Why Children shouldn't get their Ears Pierced
In many cultures, girls get their ears pierced at an extremely young age, most often as an infant. While this practice may seem harmless, I think there’s something more to this tradition.
Let’s start with the obvious: babies can’t consent. They can’t tell us if they want holes punched—or more dramatically, mutilated—through their earlobes for the sake of aesthetics. With bodily autonomy being so important to us as a society, perhaps we should keep this in consideration even to children under their parents' care. Under this logic, making permanent alterations to a baby’s body for purely cosmetic reasons is wrong. Any sane adult would prevent another from tattooing their baby, and society should act the same for ear piercings.
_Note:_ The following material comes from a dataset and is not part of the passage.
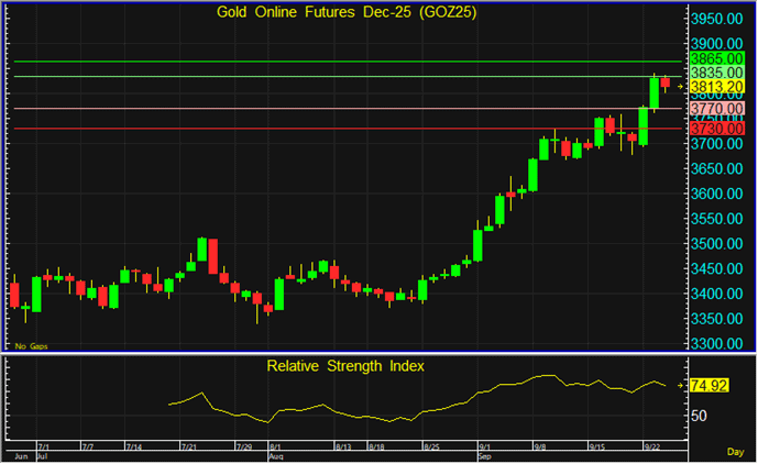 ราคา GOZ25 เผชิญแรงขายจากแนวต้านที่ระดับ 3,835 ดอลลาร์ จึงกลับมาแนะนำรอเปิด Short จากแนวต้านดังกล่าว โดยมีเป้าหมายทำกำไรที่ระดับ 3,770 ดอลลาร์ และตัดขาดทุนหากราคาทะลุแนวต้านที่ระดับ 3,865 ดอลลาร์ขึ้นไป

Some might defend that babies won’t remember the pain of getting pierced, or that it’s a culturally significant tradition that should be kept. But just because a child won’t recall the experience doesn’t make it sound, especially since ear piercings are most often permanent alterations. And while I respect traditional practices and understand how it may be important to a culture, I think it’s important to not that tradition should be open to scrutiny and revision, and that some practices belong in antiquity, not in modern times.
Past the ethical debate of consent, the long-term aesthetic results of infant piercings should also be discussed. As a tiny baby grows into a full-fledged adult, their piercings inevitably end up lopsided or misplaced. What may look perfectly centered on a 6-month-old’s earlobe might be noticeably off-center on an adult. With piercing holes becoming permanent after a few years, it’s extremely difficult, time-taking and painful to revise asymmetrical piercings.
As someone who got their ears pierced as a consenting 15-year-old, my two cents on this issue is that infant piercings are not worse the aesthetic and health risks, as well as the ethical implications involved. While I’ve heard some describe infant piercings as an act of love, of preventing the child from incurring the same pain in the future, I think this logic is absolutely poppycock. When I got my ears pierced, I got a dollop of numbing cream on my ears, and barely felt a thing when the needle punctured my earlobe. With no lingering mental issues from the pain of being pierced, I am convinced that piercings of any kind should be left to the future autonomous decisions of the child.
So let’s wait. Let children decide for themselves, especially when they’re old enough to understand and consent to the procedure, and what impacts it may have in the long-run. Not only is it more ethical, it’ll likely result in more symmetrical piercings that they’ll be happy with. And to the final defendants of childhood ear piercings I have one thing to say: Clip. On. Earrings. They achieve the same aesthetic effects with none of the damages. Try looking into them instead of buying a piercing gun.